PROVIDED MATERIAL:

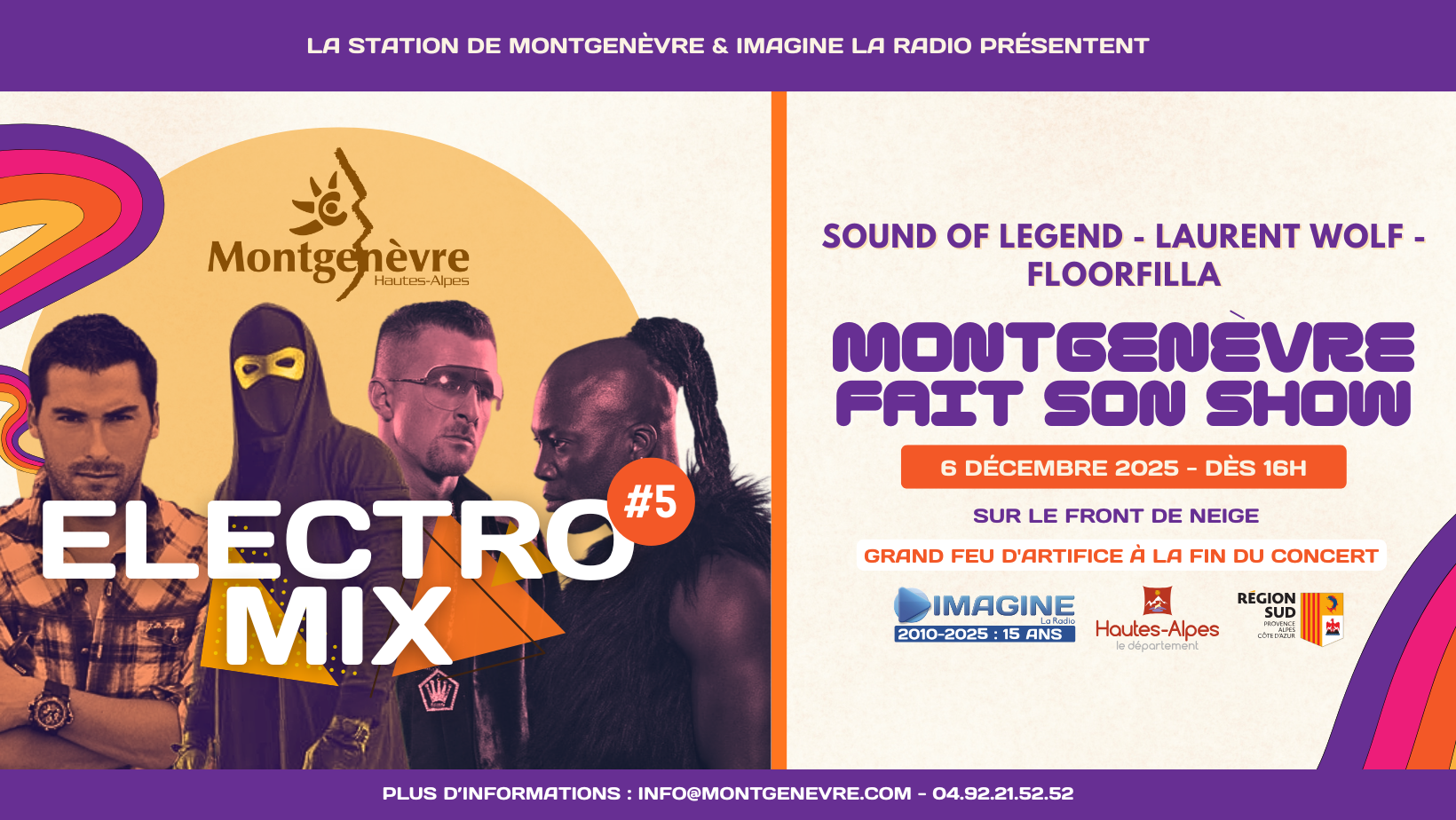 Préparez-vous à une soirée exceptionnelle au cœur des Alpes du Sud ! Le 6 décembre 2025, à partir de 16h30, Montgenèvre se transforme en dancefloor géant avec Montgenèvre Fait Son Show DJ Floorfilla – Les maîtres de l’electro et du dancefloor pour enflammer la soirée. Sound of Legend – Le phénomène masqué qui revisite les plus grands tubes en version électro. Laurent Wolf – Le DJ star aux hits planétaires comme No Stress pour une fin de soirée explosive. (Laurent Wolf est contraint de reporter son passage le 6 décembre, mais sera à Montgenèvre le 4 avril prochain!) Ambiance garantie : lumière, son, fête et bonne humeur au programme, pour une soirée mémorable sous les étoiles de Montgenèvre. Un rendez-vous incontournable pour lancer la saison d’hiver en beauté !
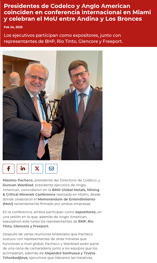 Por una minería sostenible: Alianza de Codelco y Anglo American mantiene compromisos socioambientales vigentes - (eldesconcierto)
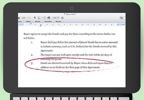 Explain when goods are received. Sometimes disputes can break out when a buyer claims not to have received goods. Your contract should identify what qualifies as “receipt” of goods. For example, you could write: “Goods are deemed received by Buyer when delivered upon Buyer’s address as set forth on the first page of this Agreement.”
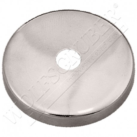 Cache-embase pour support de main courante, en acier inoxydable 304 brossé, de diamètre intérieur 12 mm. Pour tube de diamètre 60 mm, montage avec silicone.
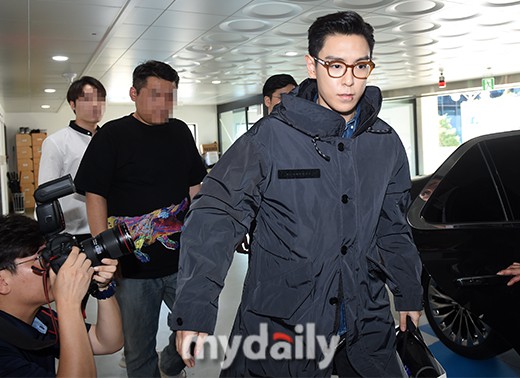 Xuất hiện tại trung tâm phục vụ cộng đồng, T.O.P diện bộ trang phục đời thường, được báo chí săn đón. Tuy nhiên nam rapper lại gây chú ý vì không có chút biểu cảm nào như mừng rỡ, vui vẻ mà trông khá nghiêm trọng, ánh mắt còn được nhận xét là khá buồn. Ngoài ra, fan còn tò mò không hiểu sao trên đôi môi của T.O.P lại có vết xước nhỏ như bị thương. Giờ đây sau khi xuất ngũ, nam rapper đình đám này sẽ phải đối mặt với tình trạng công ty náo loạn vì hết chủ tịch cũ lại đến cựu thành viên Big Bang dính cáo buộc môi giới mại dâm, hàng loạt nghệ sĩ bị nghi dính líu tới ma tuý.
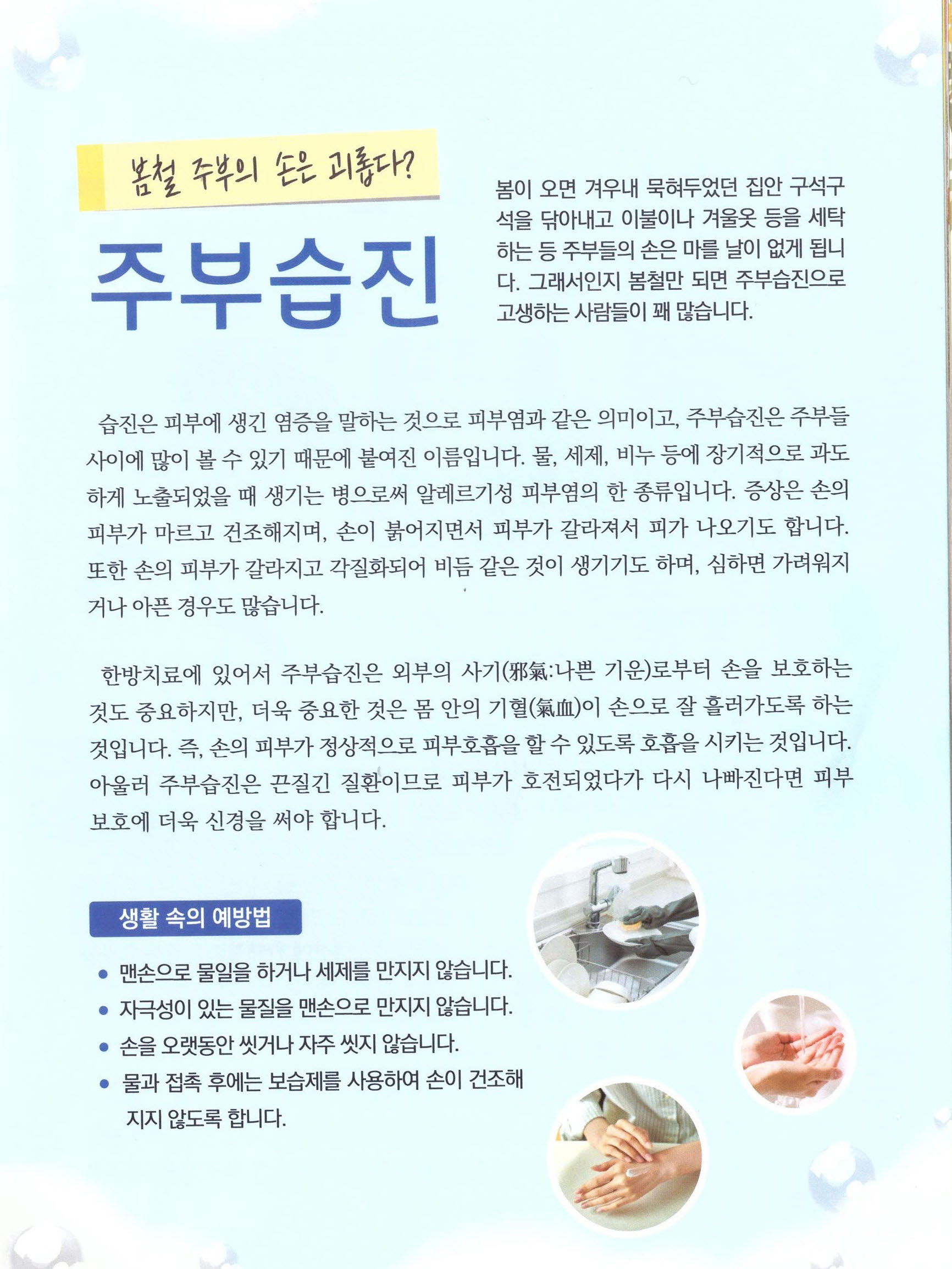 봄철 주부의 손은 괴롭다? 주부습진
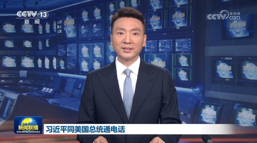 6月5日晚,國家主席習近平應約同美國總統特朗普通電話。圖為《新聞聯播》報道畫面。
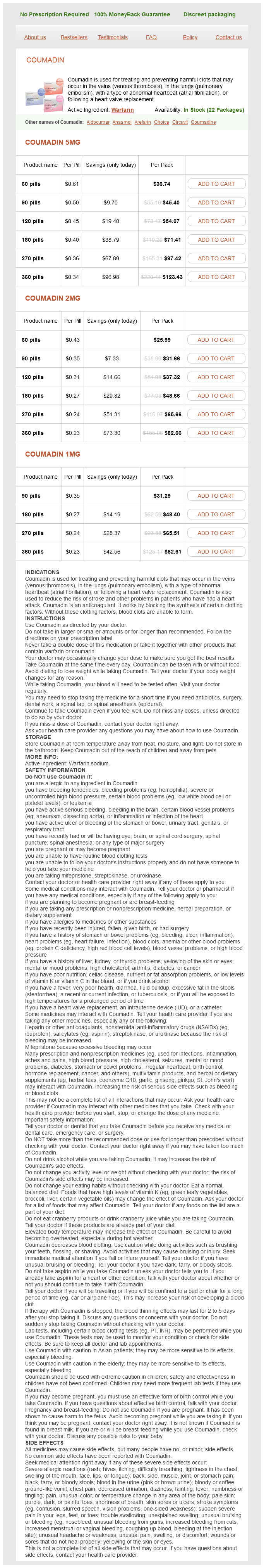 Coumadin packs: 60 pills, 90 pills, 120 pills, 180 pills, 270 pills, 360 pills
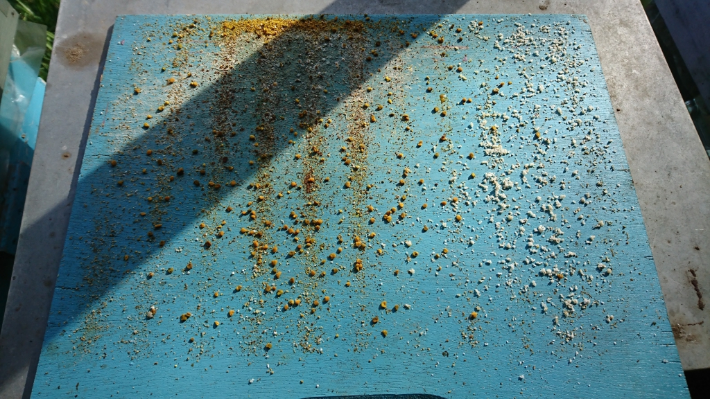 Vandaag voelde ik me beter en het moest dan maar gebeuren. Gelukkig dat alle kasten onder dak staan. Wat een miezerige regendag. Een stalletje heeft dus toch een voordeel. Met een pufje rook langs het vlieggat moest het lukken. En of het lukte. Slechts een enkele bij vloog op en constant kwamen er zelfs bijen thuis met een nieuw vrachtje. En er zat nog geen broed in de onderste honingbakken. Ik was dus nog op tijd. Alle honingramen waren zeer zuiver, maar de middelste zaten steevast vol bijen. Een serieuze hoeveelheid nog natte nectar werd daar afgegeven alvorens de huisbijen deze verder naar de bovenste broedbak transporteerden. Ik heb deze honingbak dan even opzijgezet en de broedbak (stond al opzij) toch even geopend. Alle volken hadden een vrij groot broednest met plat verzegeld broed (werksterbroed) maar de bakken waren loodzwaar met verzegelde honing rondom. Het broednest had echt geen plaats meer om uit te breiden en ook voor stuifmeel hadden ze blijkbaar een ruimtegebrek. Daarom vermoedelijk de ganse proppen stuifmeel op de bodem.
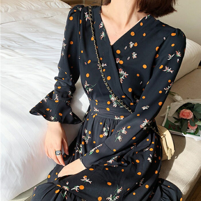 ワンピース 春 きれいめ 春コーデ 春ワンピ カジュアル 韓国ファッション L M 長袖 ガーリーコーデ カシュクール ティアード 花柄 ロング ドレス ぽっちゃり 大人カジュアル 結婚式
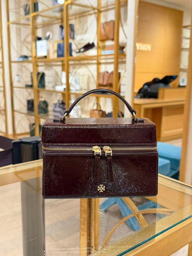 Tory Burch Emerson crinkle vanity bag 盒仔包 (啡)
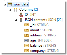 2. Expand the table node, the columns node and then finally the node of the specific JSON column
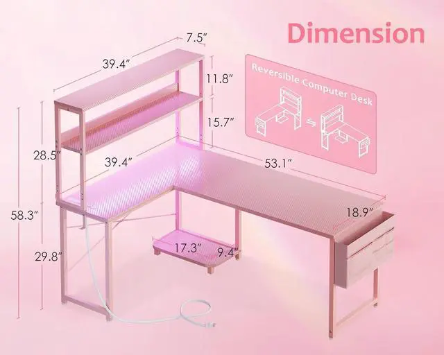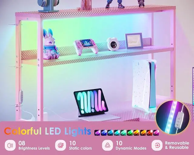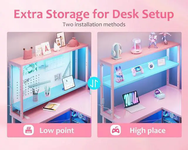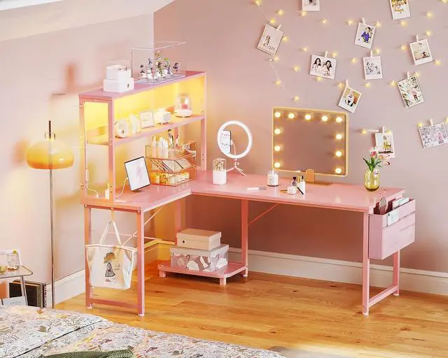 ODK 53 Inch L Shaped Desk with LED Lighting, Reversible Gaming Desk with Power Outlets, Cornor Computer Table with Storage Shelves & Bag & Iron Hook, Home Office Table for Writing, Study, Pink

ASSIGNMENT:
Leave every picture out, and transcribe the data above exactly as it reads.

REPLY:
 Préparez-vous à une soirée exceptionnelle au cœur des Alpes du Sud ! Le 6 décembre 2025, à partir de 16h30, Montgenèvre se transforme en dancefloor géant avec Montgenèvre Fait Son Show DJ Floorfilla – Les maîtres de l’electro et du dancefloor pour enflammer la soirée. Sound of Legend – Le phénomène masqué qui revisite les plus grands tubes en version électro. Laurent Wolf – Le DJ star aux hits planétaires comme No Stress pour une fin de soirée explosive. (Laurent Wolf est contraint de reporter son passage le 6 décembre, mais sera à Montgenèvre le 4 avril prochain!) Ambiance garantie : lumière, son, fête et bonne humeur au programme, pour une soirée mémorable sous les étoiles de Montgenèvre. Un rendez-vous incontournable pour lancer la saison d’hiver en beauté !
 Por una minería sostenible: Alianza de Codelco y Anglo American mantiene compromisos socioambientales vigentes - (eldesconcierto)
 Explain when goods are received. Sometimes disputes can break out when a buyer claims not to have received goods. Your contract should identify what qualifies as “receipt” of goods. For example, you could write: “Goods are deemed received by Buyer when delivered upon Buyer’s address as set forth on the first page of this Agreement.”
 Cache-embase pour support de main courante, en acier inoxydable 304 brossé, de diamètre intérieur 12 mm. Pour tube de diamètre 60 mm, montage avec silicone.
 Xuất hiện tại trung tâm phục vụ cộng đồng, T.O.P diện bộ trang phục đời thường, được báo chí săn đón. Tuy nhiên nam rapper lại gây chú ý vì không có chút biểu cảm nào như mừng rỡ, vui vẻ mà trông khá nghiêm trọng, ánh mắt còn được nhận xét là khá buồn. Ngoài ra, fan còn tò mò không hiểu sao trên đôi môi của T.O.P lại có vết xước nhỏ như bị thương. Giờ đây sau khi xuất ngũ, nam rapper đình đám này sẽ phải đối mặt với tình trạng công ty náo loạn vì hết chủ tịch cũ lại đến cựu thành viên Big Bang dính cáo buộc môi giới mại dâm, hàng loạt nghệ sĩ bị nghi dính líu tới ma tuý.
 봄철 주부의 손은 괴롭다? 주부습진
 6月5日晚,國家主席習近平應約同美國總統特朗普通電話。圖為《新聞聯播》報道畫面。
 Coumadin packs: 60 pills, 90 pills, 120 pills, 180 pills, 270 pills, 360 pills
 Vandaag voelde ik me beter en het moest dan maar gebeuren. Gelukkig dat alle kasten onder dak staan. Wat een miezerige regendag. Een stalletje heeft dus toch een voordeel. Met een pufje rook langs het vlieggat moest het lukken. En of het lukte. Slechts een enkele bij vloog op en constant kwamen er zelfs bijen thuis met een nieuw vrachtje. En er zat nog geen broed in de onderste honingbakken. Ik was dus nog op tijd. Alle honingramen waren zeer zuiver, maar de middelste zaten steevast vol bijen. Een serieuze hoeveelheid nog natte nectar werd daar afgegeven alvorens de huisbijen deze verder naar de bovenste broedbak transporteerden. Ik heb deze honingbak dan even opzijgezet en de broedbak (stond al opzij) toch even geopend. Alle volken hadden een vrij groot broednest met plat verzegeld broed (werksterbroed) maar de bakken waren loodzwaar met verzegelde honing rondom. Het broednest had echt geen plaats meer om uit te breiden en ook voor stuifmeel hadden ze blijkbaar een ruimtegebrek. Daarom vermoedelijk de ganse proppen stuifmeel op de bodem.
 ワンピース 春 きれいめ 春コーデ 春ワンピ カジュアル 韓国ファッション L M 長袖 ガーリーコーデ カシュクール ティアード 花柄 ロング ドレス ぽっちゃり 大人カジュアル 結婚式
 Tory Burch Emerson crinkle vanity bag 盒仔包 (啡)
 2. Expand the table node, the columns node and then finally the node of the specific JSON column
 ODK 53 Inch L Shaped Desk with LED Lighting, Reversible Gaming Desk with Power Outlets, Cornor Computer Table with Storage Shelves & Bag & Iron Hook, Home Office Table for Writing, Study, Pink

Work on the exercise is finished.